Consumer Groups Praise CFPB Small Business Lending Rule

Consumer advocates are praising the Consumer Financial Protection Bureau’s proposed rule that would require financial institutions, including credit unions, to report demographic information about their small business lending.

Lenders that made at least 25 credit transactions in each of the past two years would be required to report demographic information about their small business credit applicants, under the rule.

“Publicly accessible data on small business lending can motivate lenders to increase their lending to women-owned and minority-owned small businesses,” the National Community Reinvestment Coalition said.

Senate Banking Committee Chairman Sen. Sherrod Brown, D-Ohio, praised the CFPB’s proposal. “This proposed rule is an important step in addressing longstanding gaps in small business lending data – gaps that have hampered our understanding of small business lending and made it difficult to assess whether loans are distributed fairly and equitably to women- and minority-owned small businesses,” Brown said.

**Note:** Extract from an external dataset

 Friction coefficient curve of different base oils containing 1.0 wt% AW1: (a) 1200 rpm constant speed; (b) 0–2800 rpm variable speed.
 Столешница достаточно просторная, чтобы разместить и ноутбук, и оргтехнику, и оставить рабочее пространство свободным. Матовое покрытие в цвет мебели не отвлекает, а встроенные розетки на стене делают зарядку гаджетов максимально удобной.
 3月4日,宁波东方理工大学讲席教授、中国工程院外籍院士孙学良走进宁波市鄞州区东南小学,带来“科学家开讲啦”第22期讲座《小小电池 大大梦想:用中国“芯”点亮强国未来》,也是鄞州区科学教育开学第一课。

“Minority-owned businesses deserve a fair chance at financial stability, and implementing [the rule] strengthens the fight to addresses racial disparities in banking that have existed for far too long,” said Kiyadh Burt, senior policy analyst at the Hope Policy Institute, an affiliate of the Hope Credit Union in Jackson, Miss. The disparities are particularly serious in the Deep South, where a history of discrimination limited lending to minority-owned businesses, according to Burt.

However, a conservative policy analyst questioned whether the results of such reporting would increase access to credit at small businesses. “As written, the CFPB rule would greatly increase the reporting requirements of lenders, a cost that will inevitably be passed to consumers,” said Thomas Wade, director of financial services policy at the American Action Forum, a conservative think tank. Wade added that additional reporting requirements will not “magically create additional available capital at lenders.”

Financial trade groups have expressed initial apprehension about the rule and some said it would be a disaster for small financial institutions. Credit union trade groups have said in the past that such reporting for credit unions might be inaccurate because of field of membership limits.